Input material below:
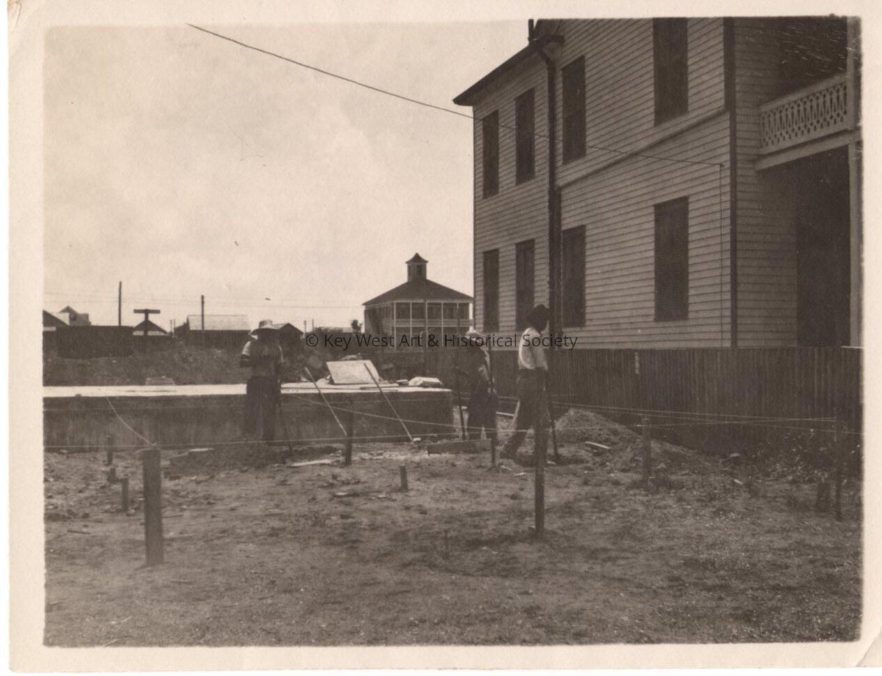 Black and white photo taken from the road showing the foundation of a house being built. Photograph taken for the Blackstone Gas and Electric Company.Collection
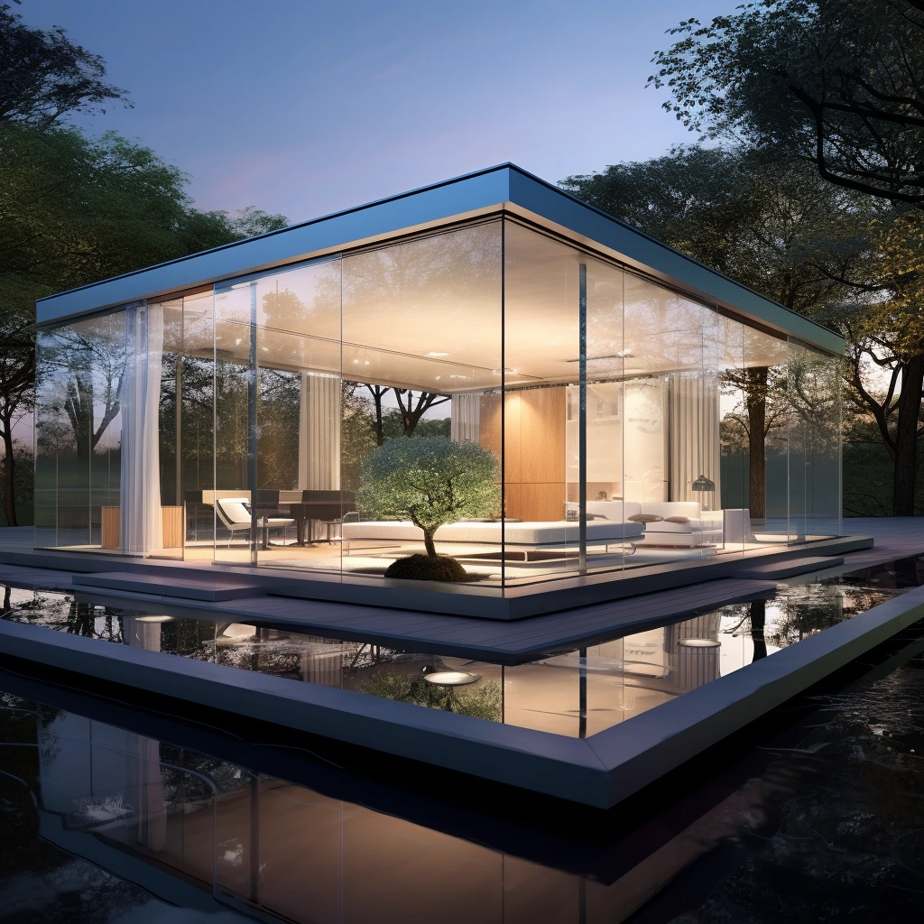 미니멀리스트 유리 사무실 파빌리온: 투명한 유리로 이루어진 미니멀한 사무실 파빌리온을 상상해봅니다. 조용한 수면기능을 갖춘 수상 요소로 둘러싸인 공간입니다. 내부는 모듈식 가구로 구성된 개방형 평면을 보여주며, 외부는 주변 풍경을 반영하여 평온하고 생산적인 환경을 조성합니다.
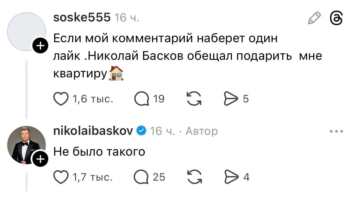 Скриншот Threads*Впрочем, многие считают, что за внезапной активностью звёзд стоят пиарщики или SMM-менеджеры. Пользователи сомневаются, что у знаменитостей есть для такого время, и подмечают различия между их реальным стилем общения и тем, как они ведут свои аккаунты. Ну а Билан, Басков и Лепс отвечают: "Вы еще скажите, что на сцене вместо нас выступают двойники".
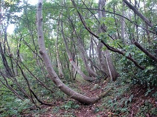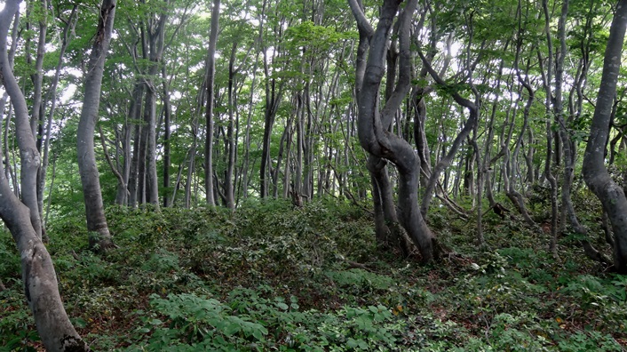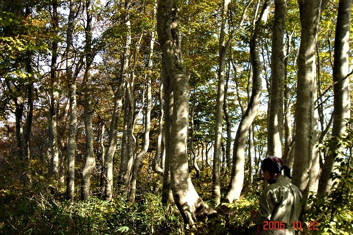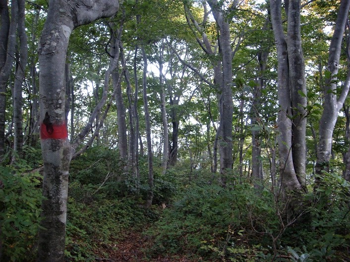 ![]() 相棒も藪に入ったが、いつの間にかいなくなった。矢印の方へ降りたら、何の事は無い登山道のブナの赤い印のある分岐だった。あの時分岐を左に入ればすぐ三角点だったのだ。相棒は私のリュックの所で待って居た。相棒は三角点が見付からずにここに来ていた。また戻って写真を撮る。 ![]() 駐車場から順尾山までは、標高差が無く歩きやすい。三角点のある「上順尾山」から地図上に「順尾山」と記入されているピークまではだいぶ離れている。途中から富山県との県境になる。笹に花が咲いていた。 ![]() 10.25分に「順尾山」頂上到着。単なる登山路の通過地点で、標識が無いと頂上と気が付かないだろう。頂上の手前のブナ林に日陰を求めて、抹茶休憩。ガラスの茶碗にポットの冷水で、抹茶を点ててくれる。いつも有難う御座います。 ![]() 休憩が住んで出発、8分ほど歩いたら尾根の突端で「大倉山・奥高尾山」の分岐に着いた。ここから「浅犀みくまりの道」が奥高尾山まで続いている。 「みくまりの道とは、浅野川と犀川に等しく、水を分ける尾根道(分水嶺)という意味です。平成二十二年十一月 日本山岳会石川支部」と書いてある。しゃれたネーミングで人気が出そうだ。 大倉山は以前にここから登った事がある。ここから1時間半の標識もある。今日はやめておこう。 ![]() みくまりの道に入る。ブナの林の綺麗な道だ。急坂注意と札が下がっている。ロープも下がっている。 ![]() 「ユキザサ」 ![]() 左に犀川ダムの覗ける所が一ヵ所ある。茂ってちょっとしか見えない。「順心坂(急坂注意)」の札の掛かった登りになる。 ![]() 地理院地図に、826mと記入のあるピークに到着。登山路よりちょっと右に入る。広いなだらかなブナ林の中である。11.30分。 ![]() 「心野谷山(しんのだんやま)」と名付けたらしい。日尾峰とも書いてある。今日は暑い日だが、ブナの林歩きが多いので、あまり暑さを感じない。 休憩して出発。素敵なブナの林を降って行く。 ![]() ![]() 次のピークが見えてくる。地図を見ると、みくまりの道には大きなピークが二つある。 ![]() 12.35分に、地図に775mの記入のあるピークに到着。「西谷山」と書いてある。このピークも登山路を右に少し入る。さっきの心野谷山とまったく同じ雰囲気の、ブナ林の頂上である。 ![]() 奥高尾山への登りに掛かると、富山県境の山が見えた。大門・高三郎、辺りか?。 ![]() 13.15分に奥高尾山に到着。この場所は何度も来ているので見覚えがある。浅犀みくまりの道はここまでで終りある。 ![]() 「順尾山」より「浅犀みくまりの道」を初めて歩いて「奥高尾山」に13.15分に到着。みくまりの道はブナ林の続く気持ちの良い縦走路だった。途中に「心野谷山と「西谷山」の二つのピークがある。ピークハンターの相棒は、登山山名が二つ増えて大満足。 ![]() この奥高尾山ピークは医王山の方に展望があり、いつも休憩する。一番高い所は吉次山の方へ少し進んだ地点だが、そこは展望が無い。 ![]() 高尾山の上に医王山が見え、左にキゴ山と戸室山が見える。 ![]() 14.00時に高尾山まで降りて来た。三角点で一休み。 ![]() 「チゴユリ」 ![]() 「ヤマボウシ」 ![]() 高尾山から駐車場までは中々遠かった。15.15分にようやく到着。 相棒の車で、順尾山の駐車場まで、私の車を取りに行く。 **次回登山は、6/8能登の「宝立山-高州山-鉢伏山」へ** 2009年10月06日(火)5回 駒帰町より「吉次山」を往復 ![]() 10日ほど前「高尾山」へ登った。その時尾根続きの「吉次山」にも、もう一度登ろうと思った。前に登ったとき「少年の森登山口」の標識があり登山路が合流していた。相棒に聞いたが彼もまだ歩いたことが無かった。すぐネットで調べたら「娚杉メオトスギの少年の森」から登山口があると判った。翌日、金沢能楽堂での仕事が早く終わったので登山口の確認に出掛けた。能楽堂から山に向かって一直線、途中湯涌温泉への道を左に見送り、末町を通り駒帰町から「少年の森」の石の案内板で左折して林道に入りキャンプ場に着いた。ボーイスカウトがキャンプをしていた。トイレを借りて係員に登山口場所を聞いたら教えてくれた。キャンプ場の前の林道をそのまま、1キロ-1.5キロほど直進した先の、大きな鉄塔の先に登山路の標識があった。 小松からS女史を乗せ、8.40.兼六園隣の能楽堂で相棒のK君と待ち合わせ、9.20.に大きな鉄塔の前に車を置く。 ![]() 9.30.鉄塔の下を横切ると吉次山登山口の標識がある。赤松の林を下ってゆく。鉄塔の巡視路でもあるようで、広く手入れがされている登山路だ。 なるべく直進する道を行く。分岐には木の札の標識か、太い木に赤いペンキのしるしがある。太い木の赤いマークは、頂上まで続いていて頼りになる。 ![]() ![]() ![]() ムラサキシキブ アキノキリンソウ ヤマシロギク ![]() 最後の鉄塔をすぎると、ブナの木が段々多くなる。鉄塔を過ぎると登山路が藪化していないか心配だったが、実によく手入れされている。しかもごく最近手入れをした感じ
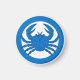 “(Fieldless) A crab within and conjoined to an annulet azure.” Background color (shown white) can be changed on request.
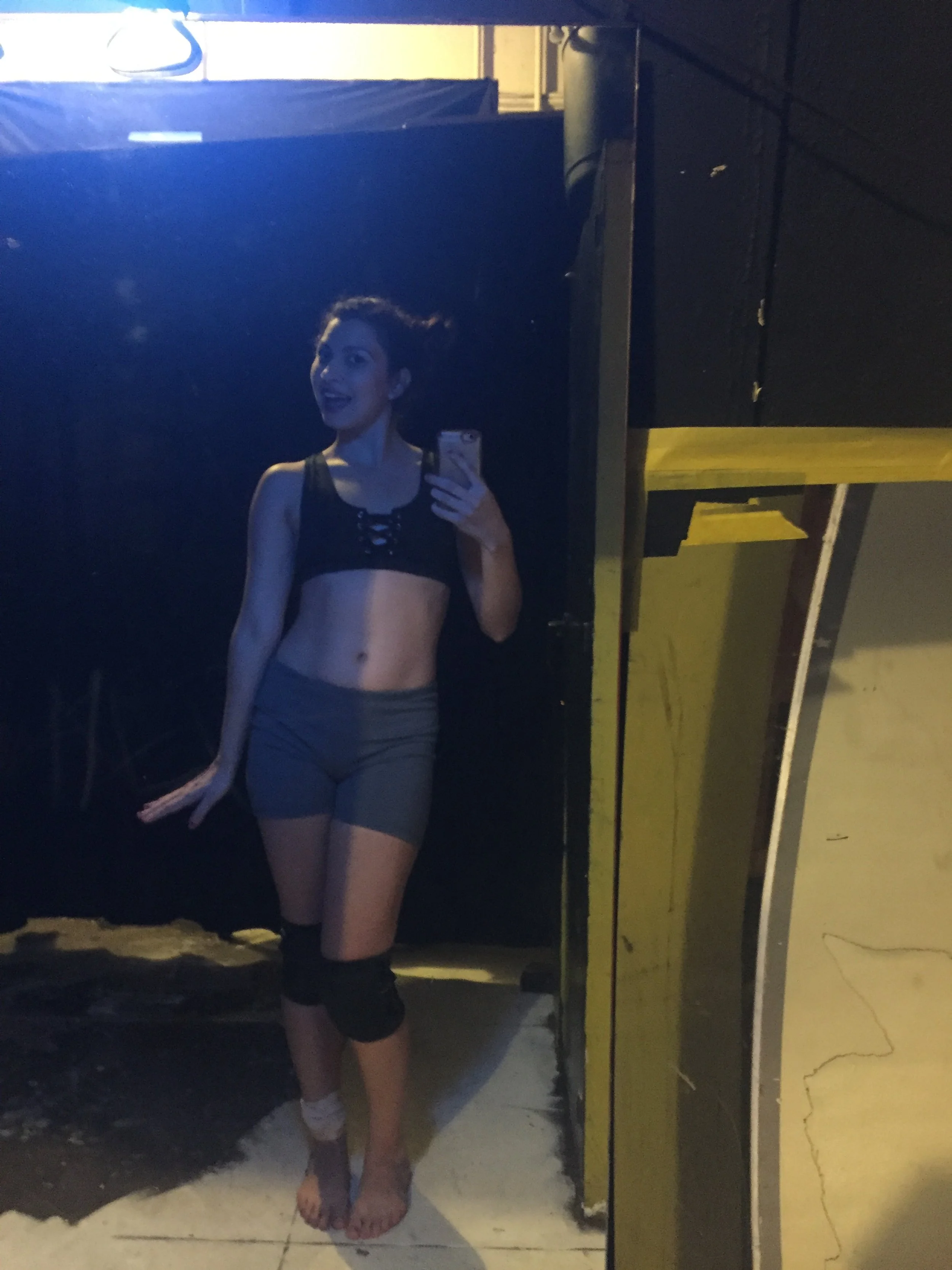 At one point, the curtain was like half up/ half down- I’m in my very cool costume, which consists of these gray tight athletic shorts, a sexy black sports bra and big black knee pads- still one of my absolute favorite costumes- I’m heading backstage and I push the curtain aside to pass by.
End of Input material.
» **What the exercise asks**
What is needed is an exact copy of the lines from the start of the records through the line containing "Скриншот Threads*Впрочем, многие", with no pictures.

» **Exercise answer**
 Black and white photo taken from the road showing the foundation of a house being built. Photograph taken for the Blackstone Gas and Electric Company.Collection
 미니멀리스트 유리 사무실 파빌리온: 투명한 유리로 이루어진 미니멀한 사무실 파빌리온을 상상해봅니다. 조용한 수면기능을 갖춘 수상 요소로 둘러싸인 공간입니다. 내부는 모듈식 가구로 구성된 개방형 평면을 보여주며, 외부는 주변 풍경을 반영하여 평온하고 생산적인 환경을 조성합니다.
 Скриншот Threads*Впрочем, многие считают, что за внезапной активностью звёзд стоят пиарщики или SMM-менеджеры. Пользователи сомневаются, что у знаменитостей есть для такого время, и подмечают различия между их реальным стилем общения и тем, как они ведут свои аккаунты. Ну а Билан, Басков и Лепс отвечают: "Вы еще скажите, что на сцене вместо нас выступают двойники".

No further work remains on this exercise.